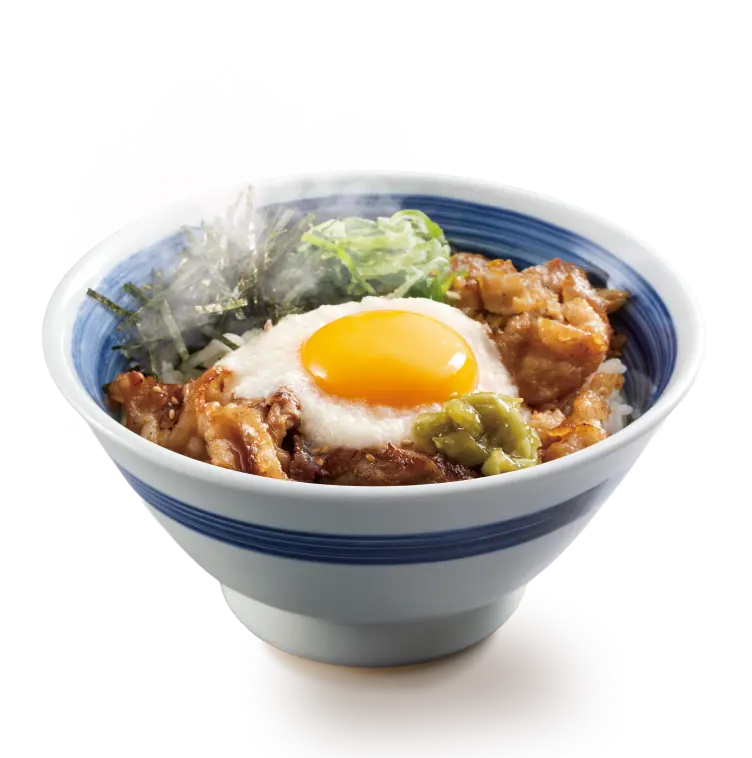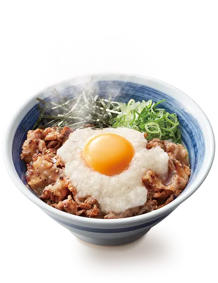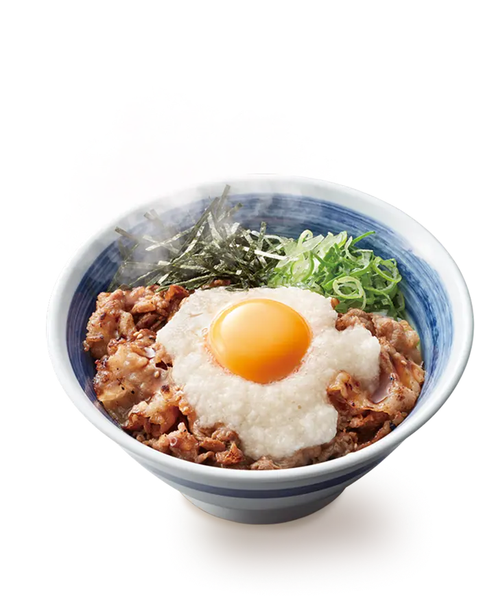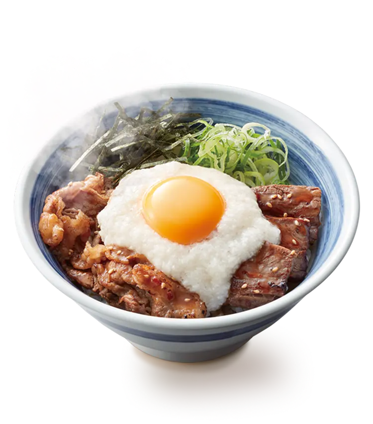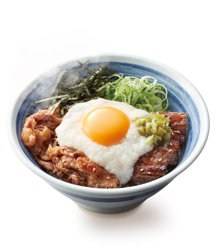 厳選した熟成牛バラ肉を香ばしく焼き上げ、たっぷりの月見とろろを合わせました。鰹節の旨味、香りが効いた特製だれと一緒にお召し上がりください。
...
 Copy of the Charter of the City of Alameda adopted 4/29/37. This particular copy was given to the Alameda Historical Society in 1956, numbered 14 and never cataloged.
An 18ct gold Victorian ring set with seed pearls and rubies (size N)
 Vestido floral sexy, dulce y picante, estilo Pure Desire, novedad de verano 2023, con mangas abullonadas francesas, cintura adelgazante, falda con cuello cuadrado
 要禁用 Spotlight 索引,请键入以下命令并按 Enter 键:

Assigned task: As listed above, the lines from the line with "Copy of the" to the line with "要禁用 Spotlight 索引,请键入以下命令并按" are to be echoed exactly, with both ends included and nothing added.

Exercise output:
 Copy of the Charter of the City of Alameda adopted 4/29/37. This particular copy was given to the Alameda Historical Society in 1956, numbered 14 and never cataloged.
An 18ct gold Victorian ring set with seed pearls and rubies (size N)
 Vestido floral sexy, dulce y picante, estilo Pure Desire, novedad de verano 2023, con mangas abullonadas francesas, cintura adelgazante, falda con cuello cuadrado
 要禁用 Spotlight 索引,请键入以下命令并按 Enter 键:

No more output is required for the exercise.